Health Care Education Careers: Job Options and Requirements

Healthcare education careers require significant formal education. Learn about the training, job duties and requirements to see if this is the right career for you.

Health care educators teach people how to develop healthy habits. Many work for the government or hospitals, although a variety of companies and organizations may hire health care educators. A bachelor's degree is required for this line of work.

Essential Information

Health care educators promote healthy lifestyles and teach disease prevention to individuals, families, communities and the general public. They advocate healthy living in a variety of settings including government agencies, social assistance programs, schools, hospitals and corporations. A bachelor's degree and a master's degree are typically required for work in public health or to advance into a supervisor or director position, and working in a public school setting requires a teaching certification.

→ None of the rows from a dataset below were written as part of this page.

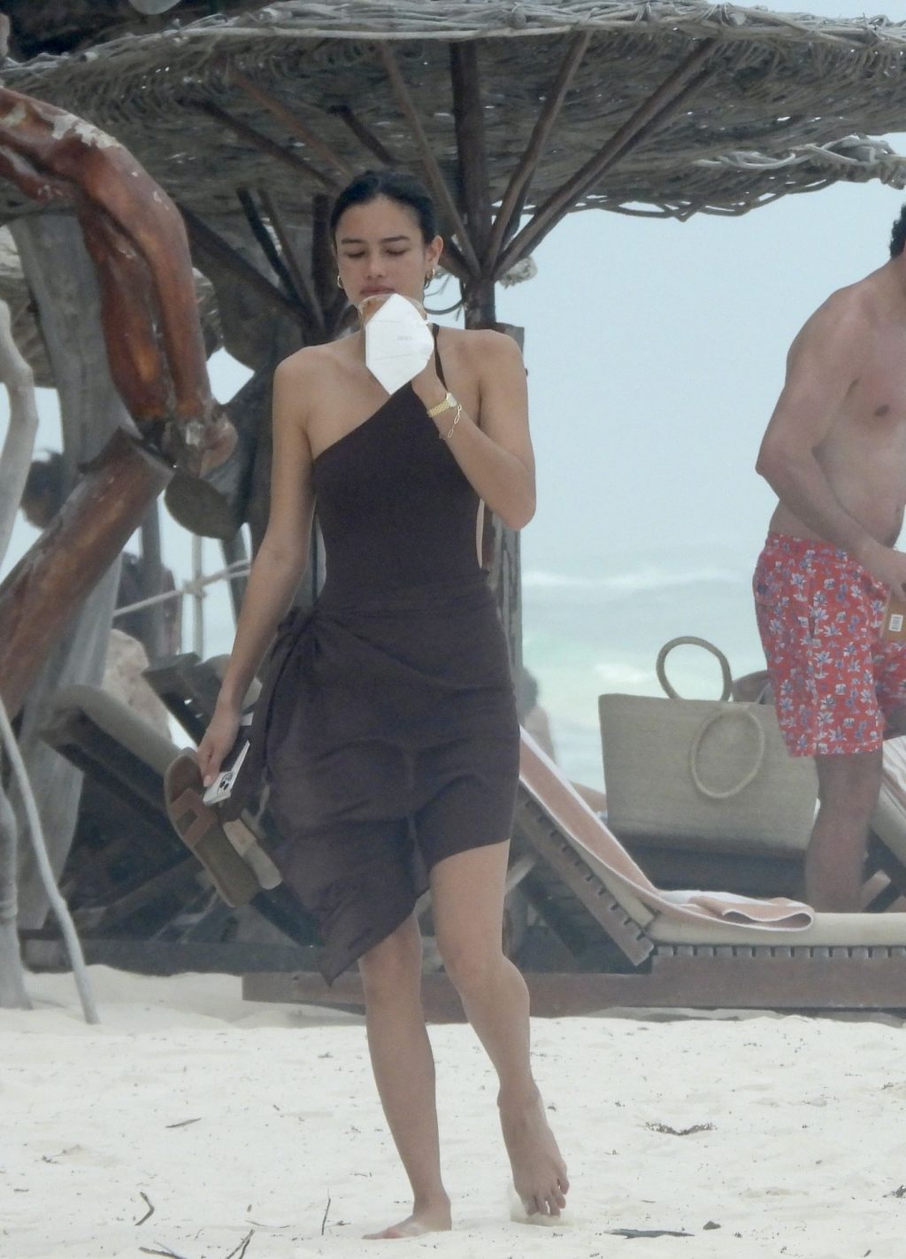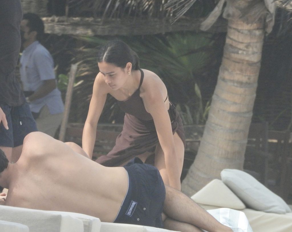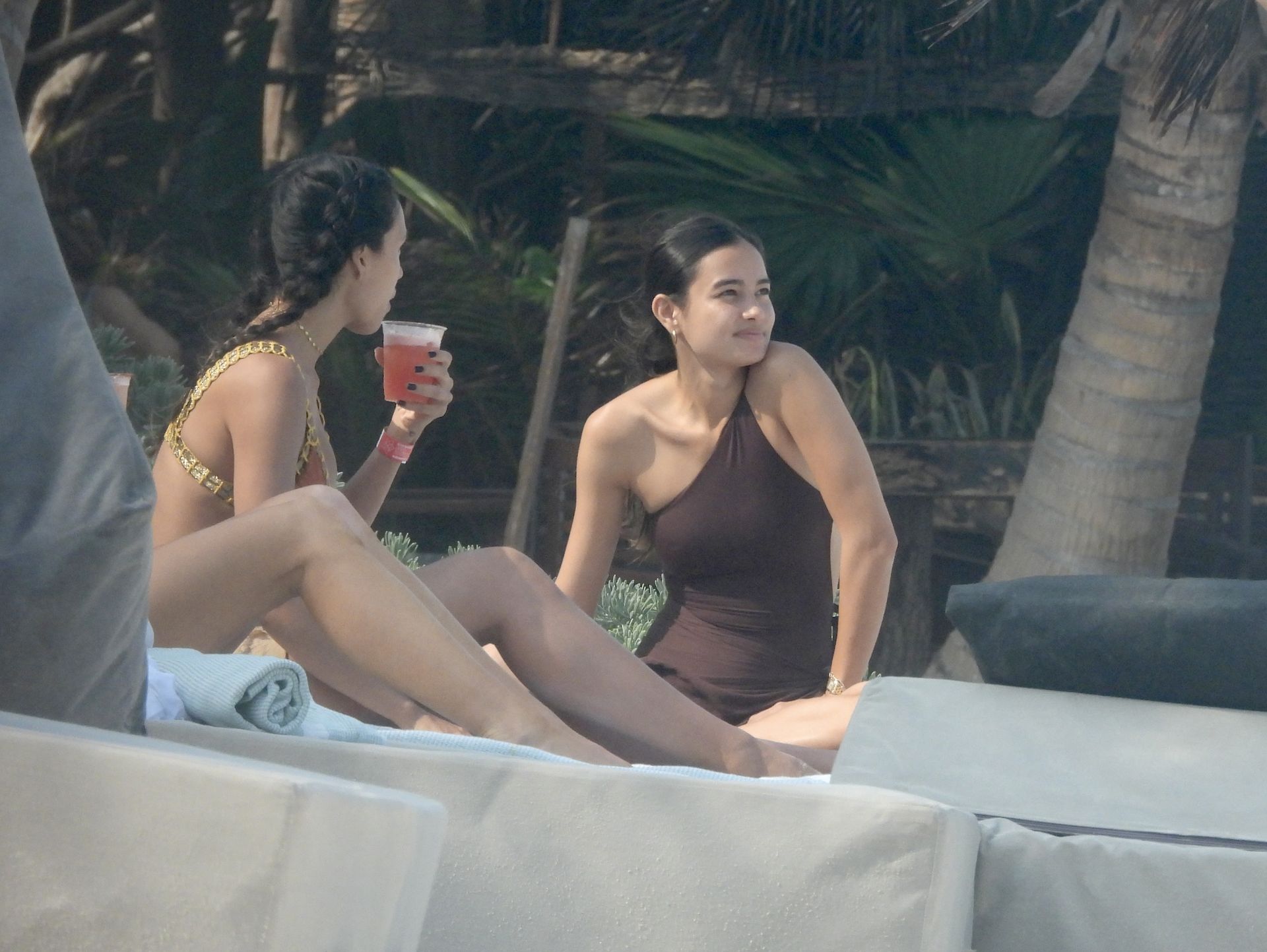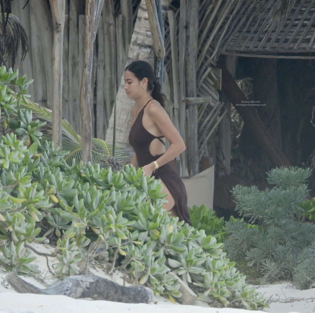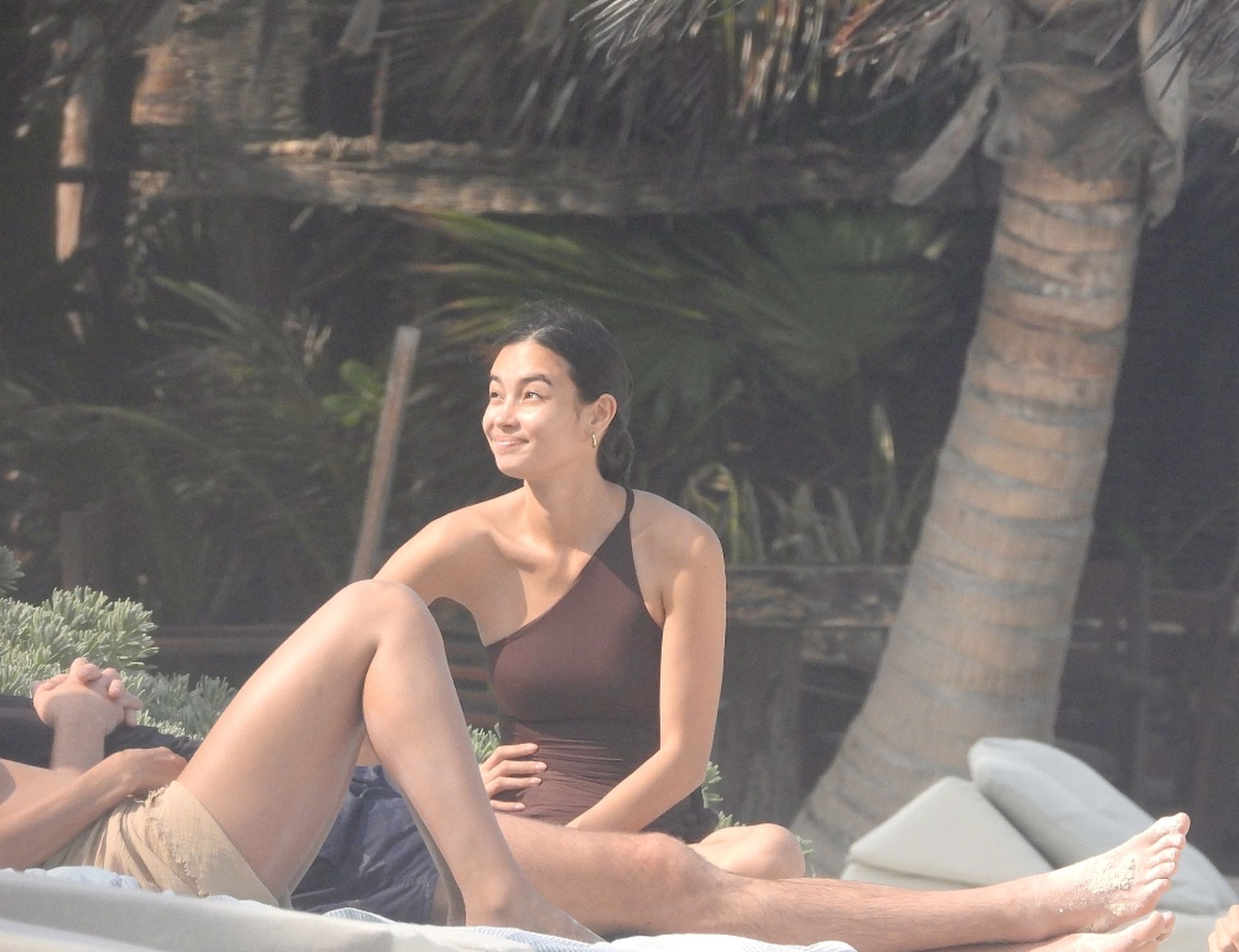 Kelsey Merritt luce impresionante con un traje de baño de una pieza mientras se relaja en Tulum, México, 05/05/2021.
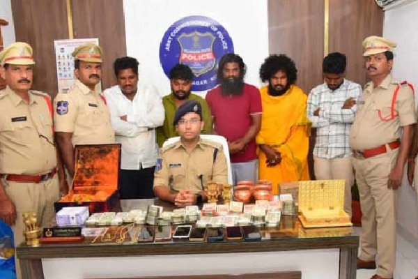 దీంతో బాధితుడు కొత్తపల్లి పోలీసులను ఆశ్రయించాడు. బాధితుడి ఫిర్యాదు మేరకు కేసు నమోదు చేసిన పోలీసులు గుప్త నిధుల పేరుతో మోసం చేసిన ఈన్నాల రాజు, మిర్యాల దుర్గయ్య, పెనుగొండ రాజు, చల్ల అజయ్, ఈర్నాల సతీశ్ లను అరెస్టు చేశారు. వారి వద్ద నుంచి రూ.15.30 లక్షల నగదుతో పాటు ఏడు తులాల బంగారం, మూడు కార్లు, ఏడు మొబైల్ ఫోన్లను స్వాధీనం చేసుకున్నట్లు కరీంనగర్ రూరల్ ఏసీపీ శుభం ప్రకాశ్ తెలిపారు.
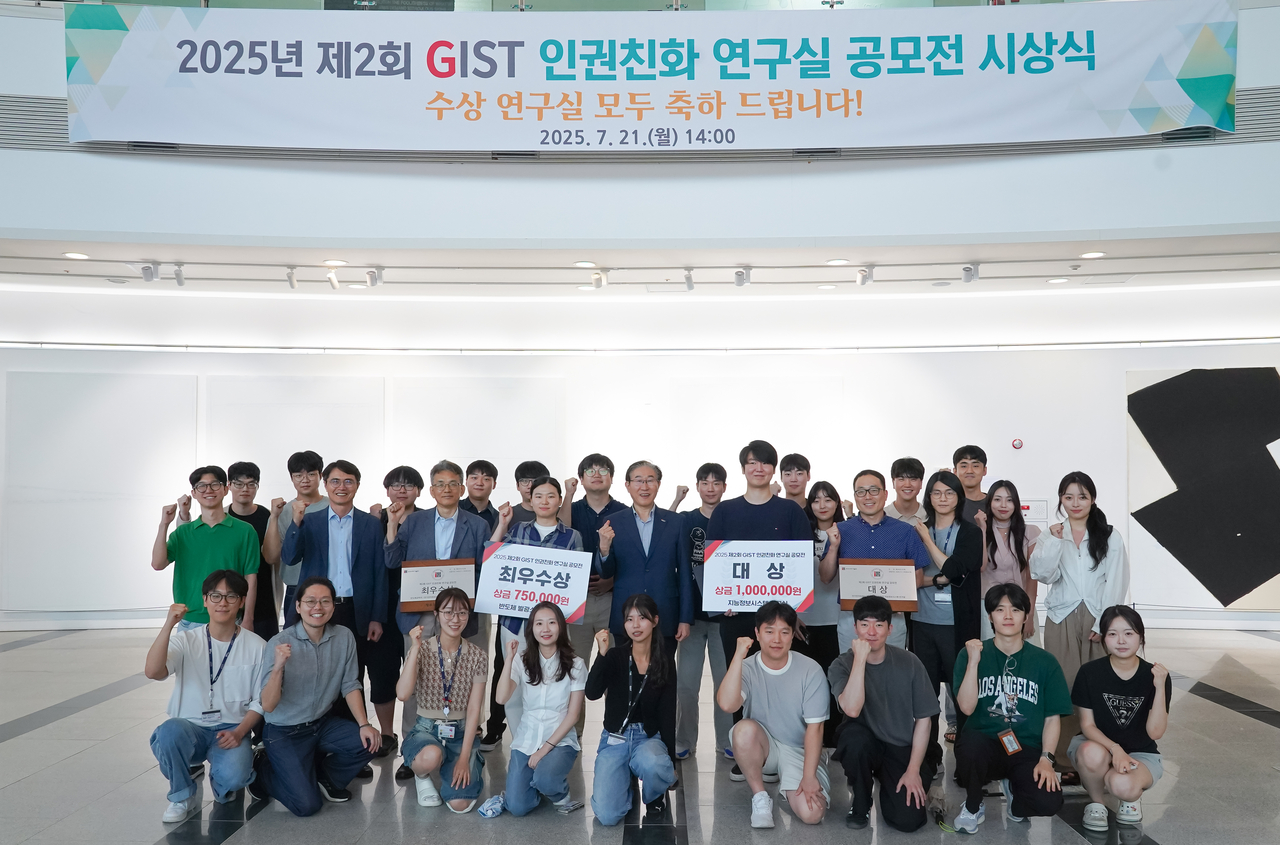 GIST는 수상 연구실에 ‘인권친화 연구실’ 현판을 전달하고, 대상 연구실에 100만 원, 최우수상 연구실에는 75만 원의 상금을 수여했다.
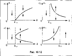 ![]() воеть при малых оттстопениях от исследуемого колебательного режима, что выше и делалось. Практически лее из анализа полученных приближенных уравнений пелипейпой системы часто можно делать значительно более широкие выводы. В частности, можно оценивать устойчивость системы в тех областях ее параметров, в которых периодические решения отсу гствуют вовсе. Пусть, например, определено, что периодическое решение, амплитуда которого показана па рис. 18..5, а, устойчиво (оно соответствует автоколебания.м). Условимся факт устойчивости периодического решения обозначать па графике вертикальными стрелками, сходянптмися к данному периодическому реп1епию (рис. 18.12, а). Этим обозначением иллюстрируется то, что переходные процессы с обеих сторон (г. е. с больпнт.ми, чем а , и с меньпшми, че.м а , начальными амилитуда\п1) сходятся к автоколебательно.му процессу с амплитудой а . Пусть в данном случае к обозначает коэффициент передачи линейгюй части. График рис. 18.12, а показывает, что в системе возникают автоколебания при к > к.. Естественно сделать отсюда вывод о том, что в области О < Л < .р (где нет периодического ренгения) данная система будет устойчива, что также обозначено на рис. 18.12, а вертикальной стрелкой. Апачогичное заключение для области О < й < .р .можно сделать и в случае неустойчивого периодического репюния па рис. 18.12, б, и в случае па.;и1чия двух периодических решепий на рис. 18.12, о, одно из которых устойчиво, другое неустойчиво. Если же автоколебания наблюдаются в области О < к < к., как показано па рис. 18.12, г, то естественно предио.чожить, что область к > к.. будет областью неустойчивости данной нелинейной системы. Наконец, если периодических решепий для исследуемой нелинейной систе.мы ffc получается вовсе ни при каких згшчепиях ее параметров, то согласно гео.метрическому способу определения автоколебаний (см. выше) получим, что кривая Михайлова будет либо охватывать начало координат при всяком значении а, либо ие охватывать его ири всех а. Отсюда можно сделать вывод, что в перво.м случае данная нелинейная система устойчива, а во втором - неустойчива. Развитие, а также сравнение да1шого способа определения устойчивости равновесия не.тинейиой системы с методом Ляпунова, показьшаюшее эффективность такого способа, см. в книге [72, §§ 2.7-2.9]. § 18.3. Примеры исследования нелинейных систем первого класса Рассмотрим несколько примеров применения изложенного в предыдущем параграфе метода. П р и .м е р 1. Найдем влияние ограничения лиггсйной характеристики двигателя (рис. 18.13, а) па процессы в следящей систе.ме. Пусть остальные звенья системы ли-пейр1ы. Тогда уравнение управляемого объекта с двигателем вместо (16.63) примет вид (r p+l)pP-cf(U, \j\eF{i) определяется графико.м рис. 18.13, а. Применяя к правой части этого уравнения формулы гармонической линеаризации (18.22) с заменой с = 6 получаем уравнение управляемого объекта с двигателем в виде (г /;+1)рР = ./( )/ , q = k, =ck. . b b arcsm -+ - . a a\ при a < b, при a>b. (18.65) (18.66) что изображено графически на рис. 18.13, б. Здесь а обозначает амплитуду колебаний величины zj,. Общее уравнение остальной части следящей системы согласно (16.53) будет (Г,р+ l)i, = -f+ (/>+ 1)0/IP- (18.67) На основании (18.65) и (18.66) 1голучаем характеристическое уравнение (Г р + 1) (Г р +\)p + q {а) [к + (Г я + \)к,р\ = 0. (18.68) После приведения его левой части к виду flgp + ajp -t aj) + a.-j и подстановки p =j(X) получаем уравнения типа (18.36) в 
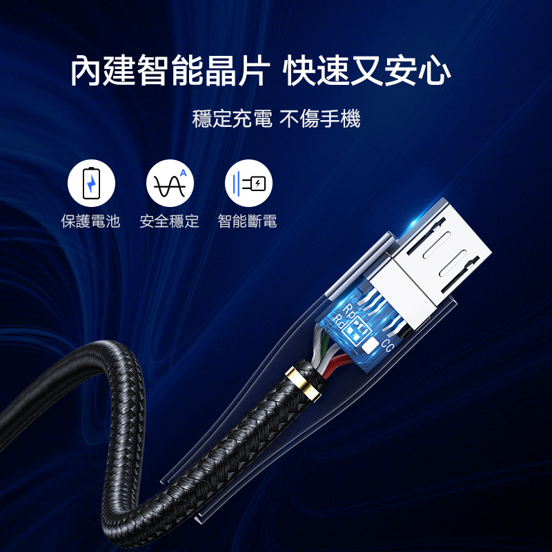 商品特色 ★2.4A高速電流快速充滿 ★支援QC及華為FCP快充 ★支援480Mbps快速傳輸 ★SR強化保護堅固更耐用 ★內建智能晶片快速又安心 ★保護電池智能斷電
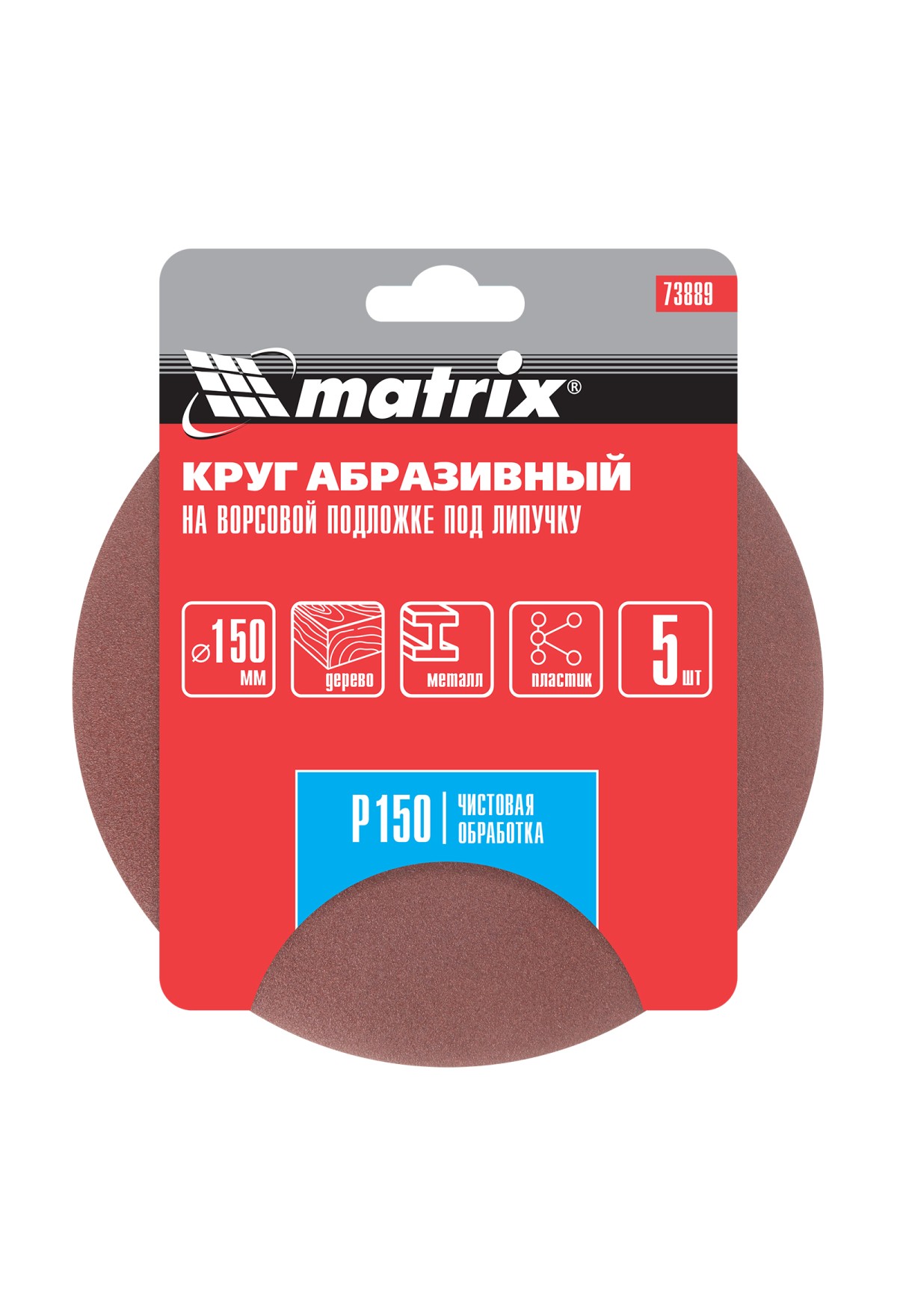 Круг абразивный на ворсовой подложке под "липучку", P 150, 150 мм, 5 шт Matrix
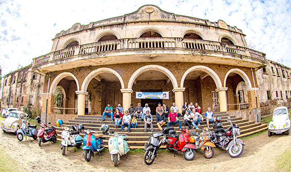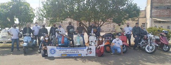 No último dia 15, grupo ‘Confraria Vespas e Lambretas de Londrina e Região’ esteve em Bandeirantes conhecendo o Município e alguns pontos turísticos como Santuário de São Miguel Arcanjo, Morro dos Anjos, Vinícola La Dorni, Fazenda Yara e dentre outras localidades. Entre as paradas, os participantes da confraria se concentraram em frente ao antigo estágio Comendador Luiz Meneghel (Campo do União) e as pessoas que por ali passaram puderam compartilhar e tirar fotos com as raras scooters.
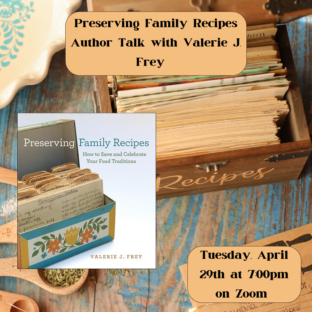 Join us for a virtual author talk with Valerie J. Frey, author of Preserving Family Recipes: How to Save and Celebrate Your Food Traditions, who will guide us through gathering, adjusting, supplementing, and safely preserving family recipes.
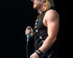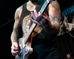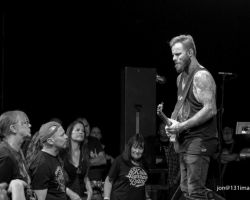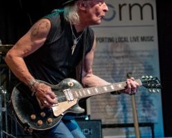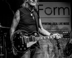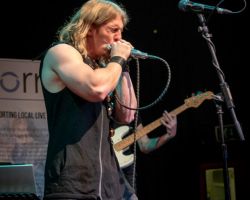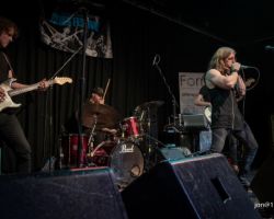 The kick of the bass drum and Kris’ foot stomping launched into the driving (and audience sing-a-long) ‘Lovers Or Losers’ which closed the set on a high, the packed auditorium applauding with aplomb. The three festival organisers Steve, Andy Davies and Mark Matthews took to the stage to thank the bands, audience and the crew and staff at the venue before inviting Kris and the band back on stage for a rousing encore of ‘Rock ‘N’ Roll Running Through My Veins’.

Required Education Bachelor's degree; master's degree recommended
Other Requirements Certified Health Education Specialist (CHES) credential required by some employers
Projected Job Growth (2014-2024) 12%*
Median Salary (2015) $51,960*

Source: *Bureau of Labor Statistics

Health Care Education Careers and Job Options

Health care education professionals work in hospitals, medical clinics, colleges, K-12 public schools, state and federal government agencies, corporations and non-profit companies. They educate individuals, groups, families, communities, corporations and the public through the development of education programs that advocate healthy lifestyle choices and disease prevention. The focus of the education they provide depends upon health needs of a particular audience.

Careers in Hospitals

Health care educators who work in hospitals or medical centers educate patients and their families about a given diagnosis, treatment or surgical procedure. They alert patients to lifestyle changes that may result from medical procedures and make referrals to support groups or to set up follow-up care. They may also design programs to keep medical staff updated on health education topics.

Careers in Schools

Health care educators work at colleges as professors or manage campus health centers. Educational programs offered at schools are often tailored to address alcohol and drug abuse, sexually-transmitted disease, smoking, nutrition or other relevant student concerns. Health education teachers in K-12 schools teach health classes that explore age-appropriate health issues or they may create educational health curricula for the school district.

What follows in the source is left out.